- _What you need to do_
Given the entries that follow, write out exactly the lines starting at the one containing "Разноцветные кометы разрываются" and ending at the one containing "Pulseira biojóia com", both ends included, and only those.
======== Source material ========
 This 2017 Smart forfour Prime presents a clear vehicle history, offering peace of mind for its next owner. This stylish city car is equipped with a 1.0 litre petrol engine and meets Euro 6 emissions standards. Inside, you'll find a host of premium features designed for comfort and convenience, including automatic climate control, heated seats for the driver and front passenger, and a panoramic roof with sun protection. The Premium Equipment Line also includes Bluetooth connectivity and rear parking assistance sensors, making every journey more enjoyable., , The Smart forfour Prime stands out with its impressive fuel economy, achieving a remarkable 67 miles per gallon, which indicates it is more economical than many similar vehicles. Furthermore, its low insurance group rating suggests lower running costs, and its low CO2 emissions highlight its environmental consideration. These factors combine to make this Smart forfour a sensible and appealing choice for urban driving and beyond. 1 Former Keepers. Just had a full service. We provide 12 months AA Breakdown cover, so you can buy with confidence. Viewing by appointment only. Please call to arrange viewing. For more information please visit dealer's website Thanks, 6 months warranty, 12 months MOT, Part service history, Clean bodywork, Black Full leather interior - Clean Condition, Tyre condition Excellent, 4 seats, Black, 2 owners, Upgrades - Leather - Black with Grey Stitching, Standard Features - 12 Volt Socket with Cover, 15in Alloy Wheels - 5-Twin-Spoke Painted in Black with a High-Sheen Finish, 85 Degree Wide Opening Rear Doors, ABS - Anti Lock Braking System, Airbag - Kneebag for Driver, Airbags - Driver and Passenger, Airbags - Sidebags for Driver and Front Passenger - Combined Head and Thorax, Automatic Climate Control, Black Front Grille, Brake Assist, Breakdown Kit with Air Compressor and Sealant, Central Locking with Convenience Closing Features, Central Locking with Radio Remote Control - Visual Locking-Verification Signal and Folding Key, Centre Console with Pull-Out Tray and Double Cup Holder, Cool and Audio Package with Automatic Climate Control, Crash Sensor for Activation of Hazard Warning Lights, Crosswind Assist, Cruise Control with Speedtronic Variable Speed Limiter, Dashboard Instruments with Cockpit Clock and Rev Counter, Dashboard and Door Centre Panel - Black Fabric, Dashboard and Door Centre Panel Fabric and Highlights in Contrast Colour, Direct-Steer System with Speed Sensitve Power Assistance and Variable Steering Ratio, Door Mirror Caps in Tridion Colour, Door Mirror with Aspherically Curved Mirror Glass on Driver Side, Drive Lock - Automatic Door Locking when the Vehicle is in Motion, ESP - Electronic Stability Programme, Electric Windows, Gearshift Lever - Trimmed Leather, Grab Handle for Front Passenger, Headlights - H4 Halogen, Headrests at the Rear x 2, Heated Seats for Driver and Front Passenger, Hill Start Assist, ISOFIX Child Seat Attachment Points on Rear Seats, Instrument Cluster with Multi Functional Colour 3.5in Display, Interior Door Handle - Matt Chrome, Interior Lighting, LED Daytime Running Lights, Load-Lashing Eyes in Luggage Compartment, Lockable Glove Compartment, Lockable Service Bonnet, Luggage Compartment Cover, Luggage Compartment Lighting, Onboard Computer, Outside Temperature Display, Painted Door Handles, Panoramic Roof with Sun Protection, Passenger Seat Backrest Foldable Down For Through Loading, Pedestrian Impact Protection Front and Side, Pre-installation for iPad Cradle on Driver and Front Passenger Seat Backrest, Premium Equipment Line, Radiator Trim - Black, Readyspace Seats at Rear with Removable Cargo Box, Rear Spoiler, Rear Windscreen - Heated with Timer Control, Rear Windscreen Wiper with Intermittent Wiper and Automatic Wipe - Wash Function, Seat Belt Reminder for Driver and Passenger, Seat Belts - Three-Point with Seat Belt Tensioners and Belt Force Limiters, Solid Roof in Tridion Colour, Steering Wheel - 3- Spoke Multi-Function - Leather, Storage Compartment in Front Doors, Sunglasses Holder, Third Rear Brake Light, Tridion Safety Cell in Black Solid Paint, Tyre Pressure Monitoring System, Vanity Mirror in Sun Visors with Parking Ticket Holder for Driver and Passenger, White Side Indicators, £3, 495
========
======== Source material ========
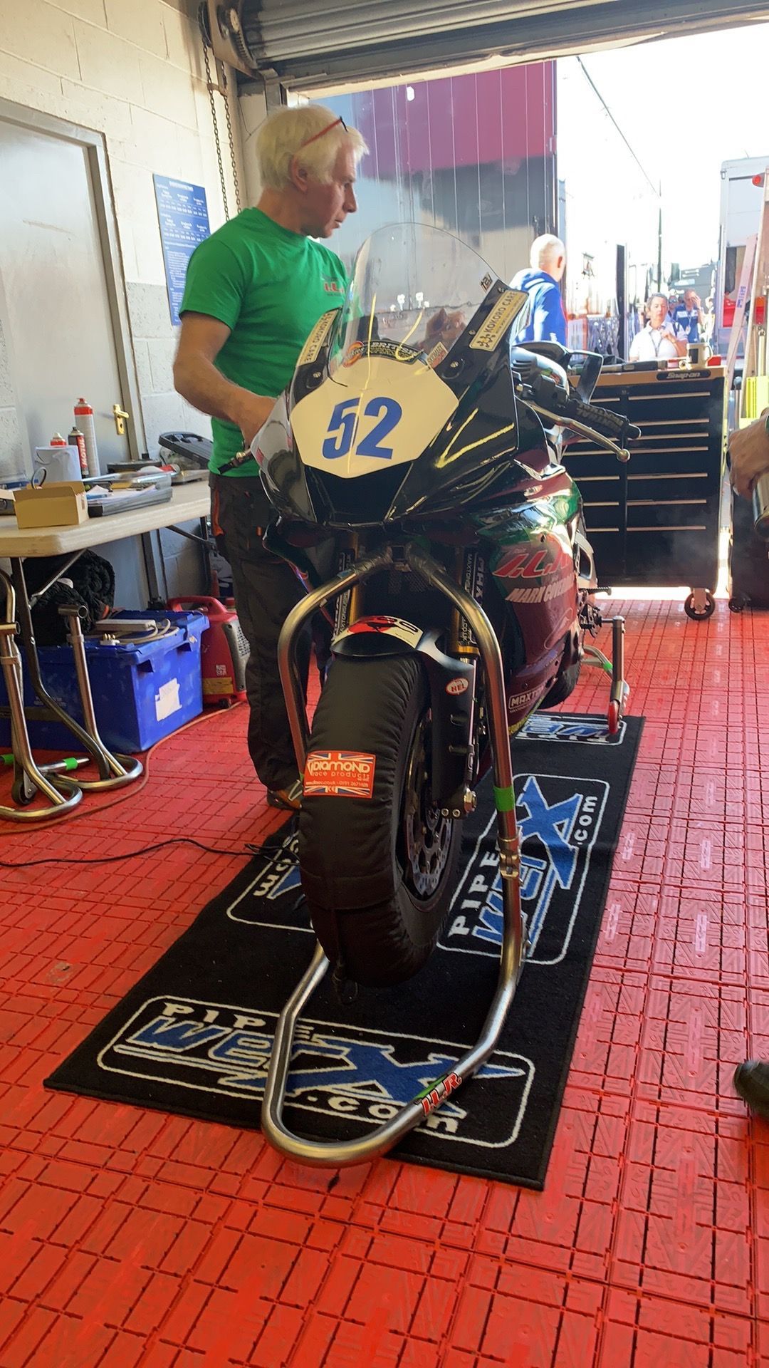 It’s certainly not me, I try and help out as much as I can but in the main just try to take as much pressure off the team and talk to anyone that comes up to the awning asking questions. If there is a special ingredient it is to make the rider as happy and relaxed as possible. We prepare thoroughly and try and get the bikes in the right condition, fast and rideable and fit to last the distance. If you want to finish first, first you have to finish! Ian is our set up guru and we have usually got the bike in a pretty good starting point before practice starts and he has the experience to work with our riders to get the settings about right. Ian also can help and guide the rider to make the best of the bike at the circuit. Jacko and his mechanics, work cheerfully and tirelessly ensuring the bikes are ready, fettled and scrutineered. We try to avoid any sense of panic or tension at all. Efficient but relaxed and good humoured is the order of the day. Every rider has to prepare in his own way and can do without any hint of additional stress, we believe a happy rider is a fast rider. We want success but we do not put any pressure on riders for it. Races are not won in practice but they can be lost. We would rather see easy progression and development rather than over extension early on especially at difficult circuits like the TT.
========
======== Source material ========
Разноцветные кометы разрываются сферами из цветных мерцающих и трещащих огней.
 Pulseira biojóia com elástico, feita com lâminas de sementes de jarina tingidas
========
- _The answer_
Разноцветные кометы разрываются сферами из цветных мерцающих и трещащих огней.
 Pulseira biojóia com elástico, feita com lâminas de sementes de jarina tingidas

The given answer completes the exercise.